┌──

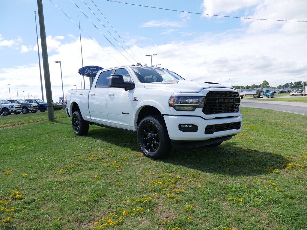 Bright White Clearcoat 2024 Ram 2500 Limited 4WD Cummins 6.7L I6 Turbodiesel 6-Speed Automatic Limited Level 1 Equipment Group (12 Touchscreen Display, 17 Speaker harman/kardon Premium Sound, 4 Adjustable Cargo Tie-Down Hooks, 4G LTE Wi-Fi Hot Spot, Adaptive Cruise Control w/Stop, Adaptive Steering System, Alexa Built-In, Apple CarPlay, Center Hub, Connected Travel & Traffic Services, Connectivity - US/Canada, CTR Stop Lamp w/Cargo View Camera, Digital Rearview Mirror, Disassociated Touchscreen Display, For Details, Visit DriveUconnect.com, For More Info, Call 800-643-2112, Full Speed Forward Collision Warning Plus, Global Telematics Box Module (TBM), Google Android Auto, GPS Antenna Input, GPS Navigation, HD Radio, Integrated Voice Command w/Bluetooth, Lane Keep Assist, LED Bed Lighting, MOPAR Spray In Bedliner, Off-Road Information Pages, Power Deployable Running Boards, Radio: Uconnect 5 Nav w/12.0 Display, RamBox Cargo Management System, Ramcharger Wireless Charging Pad, Selectable Tire Fill Alert, SiriusXM Radio Service, SiriusXM w/360L, Surround View Camera System, Trailer Reverse Guidance, Trailer Tow Pages, Truck Bed Cargo Divider, Vendor Painted Cargo Box, Vendor Painted Cargo Box Tracking, and Wheels: 20 x 8.0 Satin Carbon w/Chrome Inserts), Night Edition (Black Exterior Truck Badging, Black Grille Limited, Black Headlamp Bezels, Black Ram Head Tailgate Badge, Black Tail Lamp Bezels, Black Wheel Center Hub, Body Color Grille Surround, Sport Performance Hood, and Wheels: 20 x 8.0 Cast Aluminum Black), Off Road Package (Front Performance Tuned Shock Absorbers, Hill Descent Control, and Rear Performance Tuned Shock Absorbers), Quick Order Package 2HM Limited, Tow Technology Plus Group (Digital 3.0 Rear View Auto Dimming Mirror and Trailer Reverse Steering Control), 10 Speakers, 220 Amp Alternator, 3.73 Axle Ratio, 4-Wheel Disc Brakes, ABS brakes, Active Noise Control System, Adjustable pedals, Air Conditioning, Alloy wheels, AM/FM radio: SiriusXM with 360L, Anti-Spin Differential Rear Axle, Apple CarPlay/Android Auto, Audio memory, Auto High-beam Headlights, Auto-dimming door mirrors, Auto-dimming Rear-View mirror, Automatic temperature control, Auxiliary Switches Prep, Bodyside moldings, Brake assist, Bumpers: body-color, Clearance Lamps, Compass, Delay-off headlights, Driver door bin, Driver vanity mirror, Dual front impact airbags, Dual front side impact airbags, Electronic Stability Control, Electronically Controlled Throttle, Front anti-roll bar, Front Bucket Seats, Front Center Armrest w/Storage, Front dual zone A/C, Front fog lights, Front reading lights, Fully automatic headlights, Garage door transmitter, Genuine wood console insert, Genuine wood dashboard insert, Genuine wood door panel insert, Heated door mirrors, Heated front seats, Heated rear seats, Heated steering wheel, Illuminated entry, Instrument Cluster Theme 8, Leather steering wheel, Limited Leather Bucket Seats, Low tire pressure warning, Luxury Door Trim Panel (CTH), Memory seat, MOPAR Deployable Bed Step, MOPAR Front & Rear Rubber Floor Mats, Navigation System, Occupant sensing airbag, Outside temperature display, Overhead airbag, Overhead console, Panic alarm, ParkView Rear Back-Up Camera, Passenger door bin, Passenger vanity mirror, Pedal memory, Power door mirrors, Power driver seat, Power passenger seat, Power steering, Power Sunroof, Power windows, Radio data system, Radio: Uconnect 5 Nav w/8.4 Display, Rain sensing wipers, Rear anti-roll bar, Rear reading lights, Rear seat center armrest, Rear step bumper, Rear window defroster, Remote keyless entry, Security system, Speed control, Split folding rear seat, Steering wheel mounted audio controls, Tachometer, Tilt steering wheel, Tip Start, Traction control, Tri-Fold Tonneau Cover, Trip computer, Turn signal indicator mirrors, Upfitter Electronic Module (VSIM), Variably intermittent wipers, Ventilated front seats, Voltmeter, and Wheels: 20 x 8.0 Diamond Cut Face AluminuM.
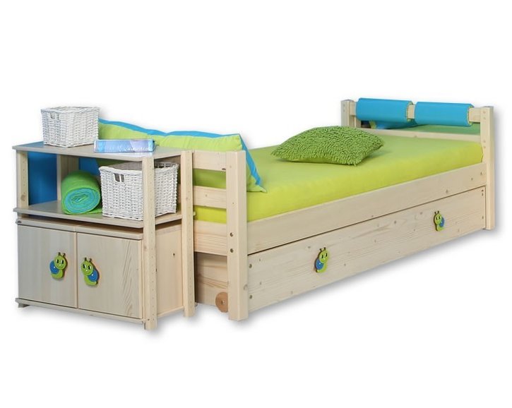 Posteľ môžete ďalej vybaviť textilnými chráničmi a vankúšikmi v rovnakom dizajne. Ak potrebujete miesto v detskej izbe na hračky či iné veci, odporúčame dokúpiť úložné priestory pod posteľ, ktoré môžu byť polovičné, trištvrťové alebo po celej dĺžke postele.
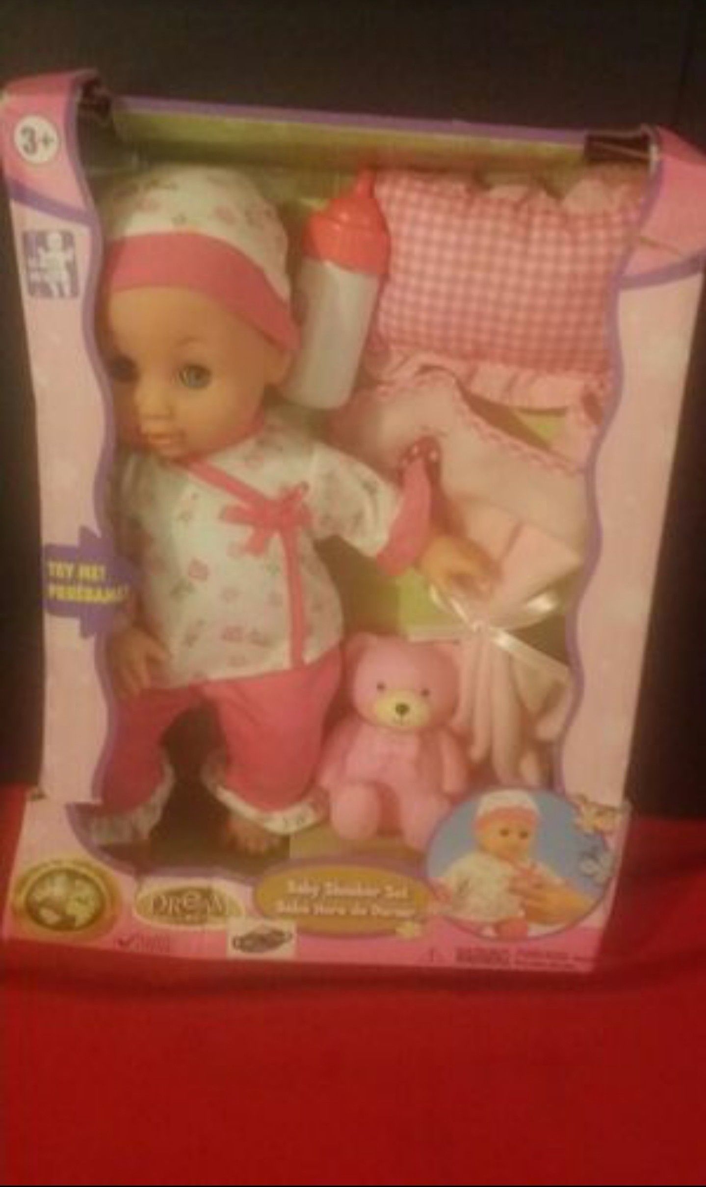 Baby Slumber Set...comes with: -the baby eyes open & close... press the belly and she laughs, slurp, cry and babbles. -the pajamas on the baby -bottle -little pillow -little blanket -plastic teddy bear Still in original package. Box a little tip on side.
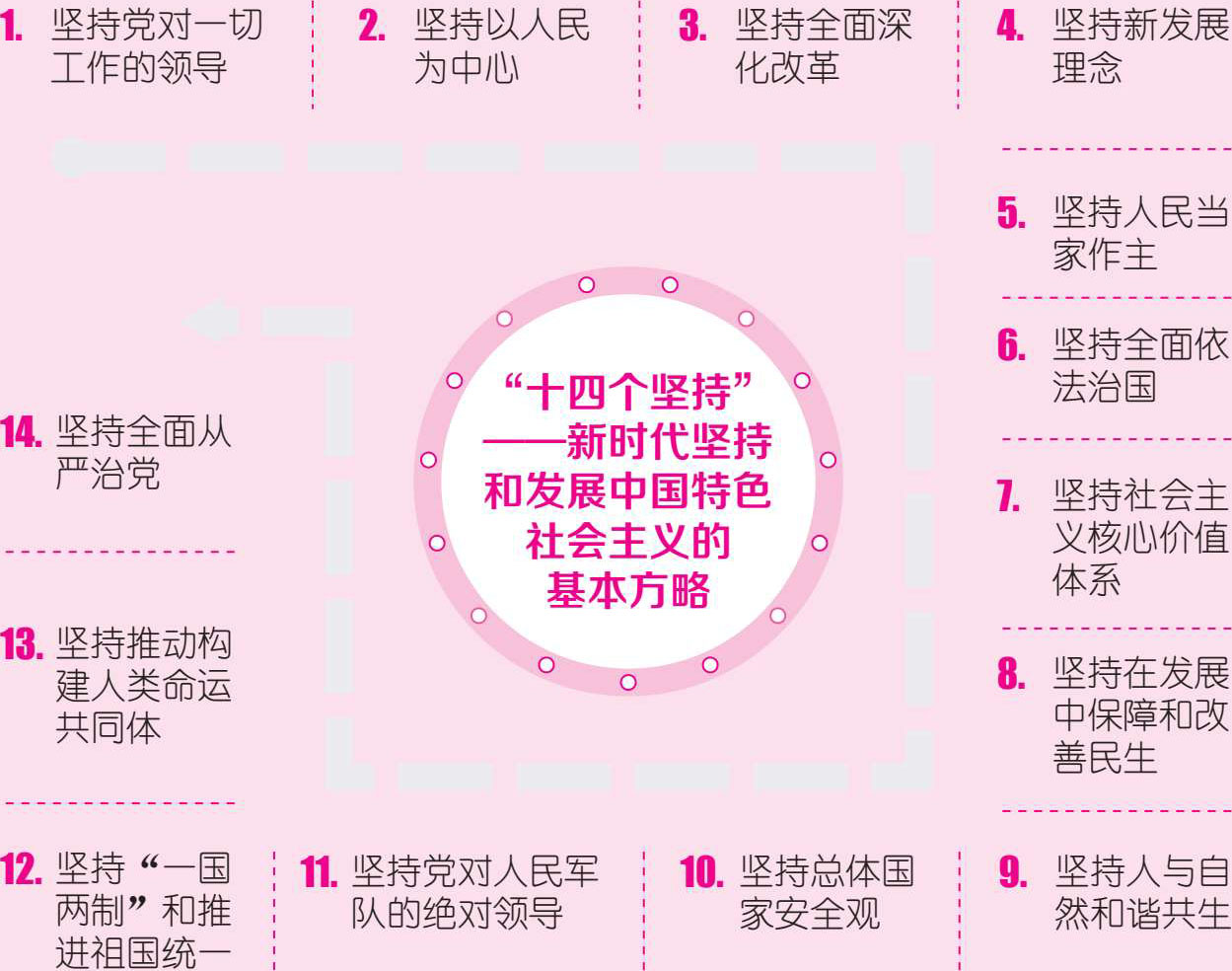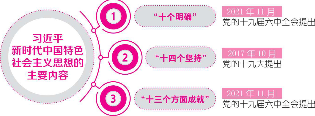 党的二十大报告指出,“十九大、十九届六中全会提出的‘十个明确’、‘十四个坚持’、‘十三个方面成就’概括了这一思想的主要内容”。
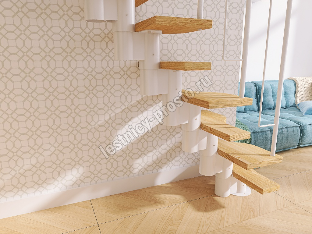 Лестница Prosto Urban White гусиный шаг 600 мм, h216-312 см (12 ступеней), ясень
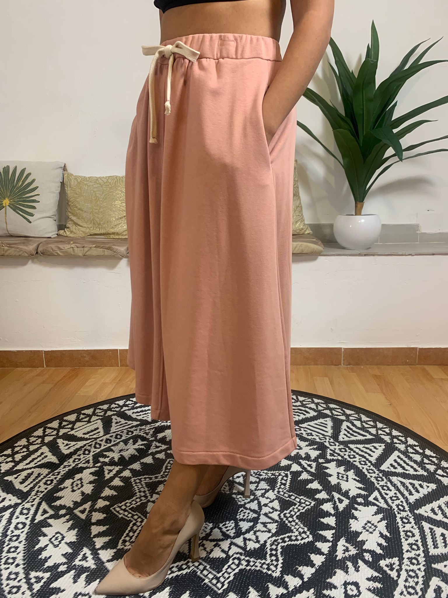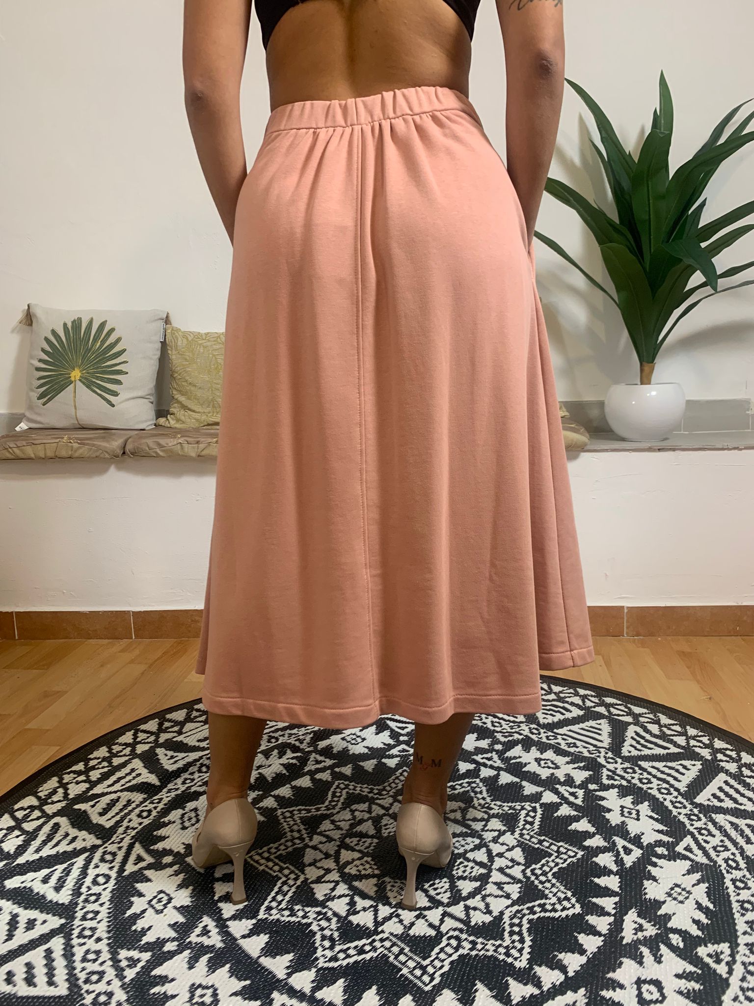VICOLO presenta un elegante gonnellone in felpa caratterizzato da una vestibilità comoda e fluida. Dotato di laccetto in vita e tasche laterali pratiche, questo capo assicura stile e funzionalità. La modella è alta 170 cm, pesa 62 kg e indossa una taglia S. Realizzato in 65% cotone e 35% poliestere per un comfort ottimale.
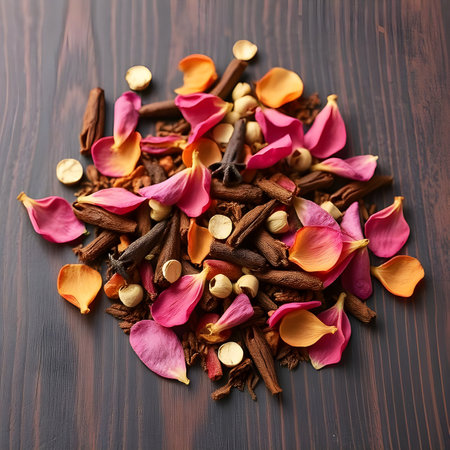 A delicate mix of dried spices and flowers, arranged artistically on a dark wooden surface.

└──

WHAT NEEDS TO BE DONE: The data above should be repeated exactly, minus any pictures.

SOLUTION:
 Bright White Clearcoat 2024 Ram 2500 Limited 4WD Cummins 6.7L I6 Turbodiesel 6-Speed Automatic Limited Level 1 Equipment Group (12 Touchscreen Display, 17 Speaker harman/kardon Premium Sound, 4 Adjustable Cargo Tie-Down Hooks, 4G LTE Wi-Fi Hot Spot, Adaptive Cruise Control w/Stop, Adaptive Steering System, Alexa Built-In, Apple CarPlay, Center Hub, Connected Travel & Traffic Services, Connectivity - US/Canada, CTR Stop Lamp w/Cargo View Camera, Digital Rearview Mirror, Disassociated Touchscreen Display, For Details, Visit DriveUconnect.com, For More Info, Call 800-643-2112, Full Speed Forward Collision Warning Plus, Global Telematics Box Module (TBM), Google Android Auto, GPS Antenna Input, GPS Navigation, HD Radio, Integrated Voice Command w/Bluetooth, Lane Keep Assist, LED Bed Lighting, MOPAR Spray In Bedliner, Off-Road Information Pages, Power Deployable Running Boards, Radio: Uconnect 5 Nav w/12.0 Display, RamBox Cargo Management System, Ramcharger Wireless Charging Pad, Selectable Tire Fill Alert, SiriusXM Radio Service, SiriusXM w/360L, Surround View Camera System, Trailer Reverse Guidance, Trailer Tow Pages, Truck Bed Cargo Divider, Vendor Painted Cargo Box, Vendor Painted Cargo Box Tracking, and Wheels: 20 x 8.0 Satin Carbon w/Chrome Inserts), Night Edition (Black Exterior Truck Badging, Black Grille Limited, Black Headlamp Bezels, Black Ram Head Tailgate Badge, Black Tail Lamp Bezels, Black Wheel Center Hub, Body Color Grille Surround, Sport Performance Hood, and Wheels: 20 x 8.0 Cast Aluminum Black), Off Road Package (Front Performance Tuned Shock Absorbers, Hill Descent Control, and Rear Performance Tuned Shock Absorbers), Quick Order Package 2HM Limited, Tow Technology Plus Group (Digital 3.0 Rear View Auto Dimming Mirror and Trailer Reverse Steering Control), 10 Speakers, 220 Amp Alternator, 3.73 Axle Ratio, 4-Wheel Disc Brakes, ABS brakes, Active Noise Control System, Adjustable pedals, Air Conditioning, Alloy wheels, AM/FM radio: SiriusXM with 360L, Anti-Spin Differential Rear Axle, Apple CarPlay/Android Auto, Audio memory, Auto High-beam Headlights, Auto-dimming door mirrors, Auto-dimming Rear-View mirror, Automatic temperature control, Auxiliary Switches Prep, Bodyside moldings, Brake assist, Bumpers: body-color, Clearance Lamps, Compass, Delay-off headlights, Driver door bin, Driver vanity mirror, Dual front impact airbags, Dual front side impact airbags, Electronic Stability Control, Electronically Controlled Throttle, Front anti-roll bar, Front Bucket Seats, Front Center Armrest w/Storage, Front dual zone A/C, Front fog lights, Front reading lights, Fully automatic headlights, Garage door transmitter, Genuine wood console insert, Genuine wood dashboard insert, Genuine wood door panel insert, Heated door mirrors, Heated front seats, Heated rear seats, Heated steering wheel, Illuminated entry, Instrument Cluster Theme 8, Leather steering wheel, Limited Leather Bucket Seats, Low tire pressure warning, Luxury Door Trim Panel (CTH), Memory seat, MOPAR Deployable Bed Step, MOPAR Front & Rear Rubber Floor Mats, Navigation System, Occupant sensing airbag, Outside temperature display, Overhead airbag, Overhead console, Panic alarm, ParkView Rear Back-Up Camera, Passenger door bin, Passenger vanity mirror, Pedal memory, Power door mirrors, Power driver seat, Power passenger seat, Power steering, Power Sunroof, Power windows, Radio data system, Radio: Uconnect 5 Nav w/8.4 Display, Rain sensing wipers, Rear anti-roll bar, Rear reading lights, Rear seat center armrest, Rear step bumper, Rear window defroster, Remote keyless entry, Security system, Speed control, Split folding rear seat, Steering wheel mounted audio controls, Tachometer, Tilt steering wheel, Tip Start, Traction control, Tri-Fold Tonneau Cover, Trip computer, Turn signal indicator mirrors, Upfitter Electronic Module (VSIM), Variably intermittent wipers, Ventilated front seats, Voltmeter, and Wheels: 20 x 8.0 Diamond Cut Face AluminuM.
 Posteľ môžete ďalej vybaviť textilnými chráničmi a vankúšikmi v rovnakom dizajne. Ak potrebujete miesto v detskej izbe na hračky či iné veci, odporúčame dokúpiť úložné priestory pod posteľ, ktoré môžu byť polovičné, trištvrťové alebo po celej dĺžke postele.
 Baby Slumber Set...comes with: -the baby eyes open & close... press the belly and she laughs, slurp, cry and babbles. -the pajamas on the baby -bottle -little pillow -little blanket -plastic teddy bear Still in original package. Box a little tip on side.
 党的二十大报告指出,“十九大、十九届六中全会提出的‘十个明确’、‘十四个坚持’、‘十三个方面成就’概括了这一思想的主要内容”。
 Лестница Prosto Urban White гусиный шаг 600 мм, h216-312 см (12 ступеней), ясень
VICOLO presenta un elegante gonnellone in felpa caratterizzato da una vestibilità comoda e fluida. Dotato di laccetto in vita e tasche laterali pratiche, questo capo assicura stile e funzionalità. La modella è alta 170 cm, pesa 62 kg e indossa una taglia S. Realizzato in 65% cotone e 35% poliestere per un comfort ottimale.
 A delicate mix of dried spices and flowers, arranged artistically on a dark wooden surface.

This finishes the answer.